Improvement in clinical signs
In cases of conjunctivitis, improvement was assessed by resolution of erythema, swelling, epiphora, corneal inflammation and pain (evidenced by squinting). In cases of cystitis, improvement was assessed by absence of pain on urination (evidenced by not vocalising when urinating), resolution of incontinence (dry fur around the cloaca and rump), reduction in bladder wall thickness at ultrasound and the absence of blood or excess sediment in the urine. Orange brown staining of the fur of the rump persists for many weeks after the resolution of cystitis as stained fur is gradually replaced by new white hairs.
Results
Clearance of infection
C. pecorum loads, greater than a million copies/μL, were detected at admission. After the initial 28 day treatment, 15 koalas continued to have a positive qPCR result from at least one of the three sample sites, requiring further treatment. Urogenital and rectal swabs were more frequently positive after treatment than were conjunctival swabs (Table 3). None of the antibiotics were 100% effective (Table 4). Mortality occurred in all treatment groups, except enrofloxacin. Mortality was not necessarily the consequence of antibiotic therapy, as chronic chlamydiosis is an extremely debilitating disease in koalas and co-infection with other pathogens can also alter the outcome.
Clinical response
The five antibiotics produced varying degrees of improvement in the clinical signs of chlamydiosis. Doxycycline was the most effective anti-chlamydial antibiotic tested, achieving both clinical recovery and infection control in 97% of cases. Side effects included those typical of broad-spectrum antibiotic therapy in koalas: occasional weight loss, depression, candidiasis, dysbiosis and typhlocolitis.

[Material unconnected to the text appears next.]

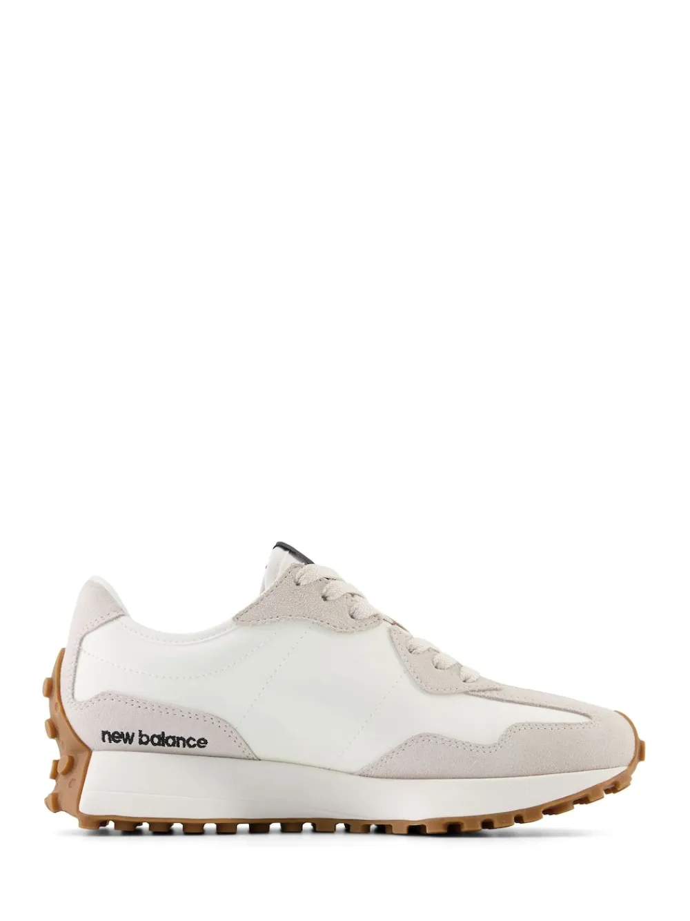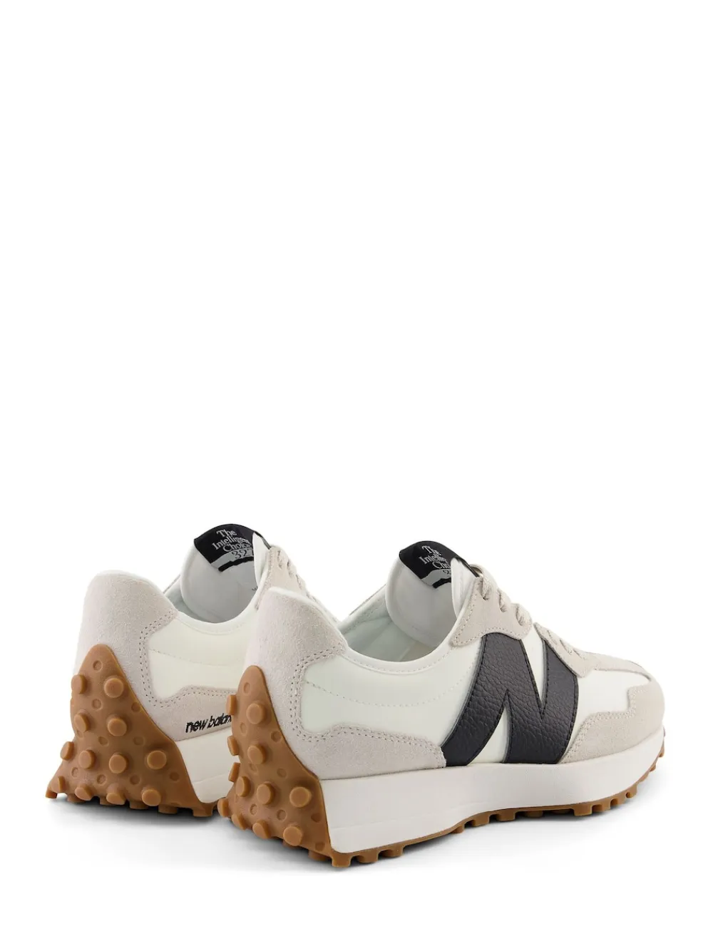 The 327 sheds new light on the 70s as a time of innovation by boldly reshaping classic design elements with a thoroughly contemporary outlook. With an angular reworking of the tried-and-true wedge silhouette, outsize, asymmetrically applied N branding, and wraparound, trail-inspired lug outsole, the 327 provides nothing less than a complete reimagination of our running heritage. Upper – Leather, Textile, Lining and Sock – Textile, Sole – Other Materials.

In addition, marked pain on intramuscular injection was overcome by diluting the long acting preparation of doxycycline 50:50 with sterile saline prior to subcutaneous injection.
Chloramphenicol was also effective with 81% of treated individuals being qPCR negative at the end of treatment (Table 4). Side effects also included weight loss, depression, candidiasis, dysbiosis and typhlocolitis but also bone marrow hypoplasia. Florfenicol, an analogue of chloramphenicol known to cause less bone marrow suppression in domestic animals, produced poor results in koalas on the treatment regimen used in this study, being effective in 66% of cases treated (Table 4). It was also associated with pronounced weight loss, inappetence and depression. On this basis, use of this drug was discontinued after treating 8 koalas. Enrofloxacin achieved both clinical improvement and elimination of chlamydial DNA in 75% of the koalas in this treatment group (Table 4).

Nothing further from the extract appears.